Not much has changed since then. On February 17, the Sanibel Captiva Shell Cub kicked off its seventy-fifth annual shell fair (“Shellabration”) with the Sanibel Stoop. The Sanibel Stoop is named after the stooped over posture of a shell collector as they scour the beach for cockles, sand dollars, and coquina. During the Sanibel Stoop event at the fair, shellers gather along the beach en masse to stoop over as if looking for shells. The fair includes other things – shell lectures, shell salesman, shell books, to name a few – but make no mistake: people come here to hunt for shells. The hunt along the beach, the thrill at finding a perfect Scotch Bonnet, the ache in your lower back at the end of the day – this is Sanibel's allure for shell collectors.

Shellers aside, Sanibel appeals to tourists seeking old Florida, or, at the very least, the picture they keep in their head of old Florida. The island does not disappoint.
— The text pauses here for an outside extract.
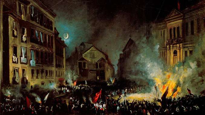 Una vez admitido ese plausible paralelo entre las conspiraciones españolas de 1843 y 1856, hay suficientes rasgos distintos en los dos movimientos para poner de manifiesto la magnitud de los pasos dados por el pueblo español en tan breve período. Esos rasgos son: el carácter político de la última lucha en Madrid, las posiciones respectivas de Espartero y O'Donnell en 1856 comparadas con las de Espartero y Narváez en 1843. En 1843 todos los partidos estaban cansados de Espartero. Para desembarazarse de él se constituyó una poderosa coalición de moderados y progresistas. Juntas revolucionarias surgidas como hongos en todas las ciudades prepararon el camino a Narváez y a sus partidarios. En 1856 no tenemos ya simplemente la corte y el ejército de un lado contra el pueblo de otro, sino que además tenemos en las filas del pueblo las mismas divisiones que en el resto de la Europa occidental. El 13 de junio el ministerio de Espartero presentó su forzosa dimisión; en la noche del 13 al 14 se constituyó el ministerio O'Donnell; en la mañana del 14 empezó a circular el rumor de que O'Donnell, encargado de la formación del gabinete, había invitado a Ríos Rosas, el malfamado ministro de los sangrientos días de julio de 1854, a que se le uniera. A las 11 de la mañana la Gaceta confirmaba el rumor. Las Cortes se reunieron entonces, con la presencia de 93 diputados. De acuerdo con la ley orgánica de ese cuerpo, 20 miembros bastan para convocarlo y 50 para constituir un quorum. Las Cortes además no habían sido aplazadas formalmente. El general Infante, presidente de las Cortes, no tuvo más remedio que cumplir el general deseo de celebrar una sesión ordinaria. Se presentó una moción que declaraba que el nuevo gabinete no disfrutaba de la confianza de las Cortes y que Su Majestad debía ser informada de este hecho. Al mismo tiempo, las Cortes invitaron a la Guardia Nacional a mantenerse presta para actuar. La comisión portadora de la resolución que negaba la confianza al gobierno se dirigió a visitar a la reina, escoltada por un destacamento de la milicia nacional. Pero aunque insistieron en entrar en Palacio fueron rechazados por tropas de línea que hicieron fuego sobre la comisión y su escolta. Este incidente fue la señal para la insurrección. La orden de levantar barricadas fue dada a las 7 de la tarde por las Cortes, disueltas inmediatamente después por las tropas de O'Donnell. La lucha comenzó aquella misma noche, y sólo un batallón de la milicia nacional se unió a las tropas reales. Vale la pena indicar que ya en la mañana del 13 el señor Escosura, ministro esparterista del Interior, había telegrafiado a Barcelona y Zaragoza informando de la existencia del golpe de estado y ordenando que se preparara la resistencia. A la cabeza de los insurrectos de Madrid se colocaron el señor Madoz y el general Valdés, hermano de Escosura. En resolución, no puede caber la duda de que la resistencia al golpe de estado procede de los esparteristas y de los ciudadanos y liberales en general. Mientras éstos tomaban posiciones a lo largo de una línea que divide Madrid de este a oeste, los obreros, dirigidos por Pucheta, ocuparon las zonas sur y norte de la ciudad.

It has no stop lights, no chain stores (except for one Dairy Queen, grandfathered in when the island enacted tight growth management practices), and Sanibel still looks much as the Guide describes it:

“The island, 2 miles wide and approximately 12 miles long, is a State game preserve; native and migratory birds are plentiful and can be studied at close range; wild flowers grow profusely in spring and summer; the Gulf and bay offer excellent fishing at all seasons.⁠”

The Sanibel Light, arguably the least colorful thing on the island.

The Guide makes little mention of development on the island, and that holds true today. While there is no shortage of colorful, quaint beach bungalows, time shares, and inns that will take your money in exchange for a night or two on the island, they come second to the natural splendor. Sanibel seems content to fade behind the brilliant colors of blue wildflowers, roseate spoonbills, and purple donax. The island explodes in a stunning array of color, from fuchsia bougainvillea peeking out from every white picket fence to buttery yellow frangipani lining the bike path that runs the length of the island. This is not an island where you come with a purpose; this is an island where you come to absorb the scents and pace of Florida.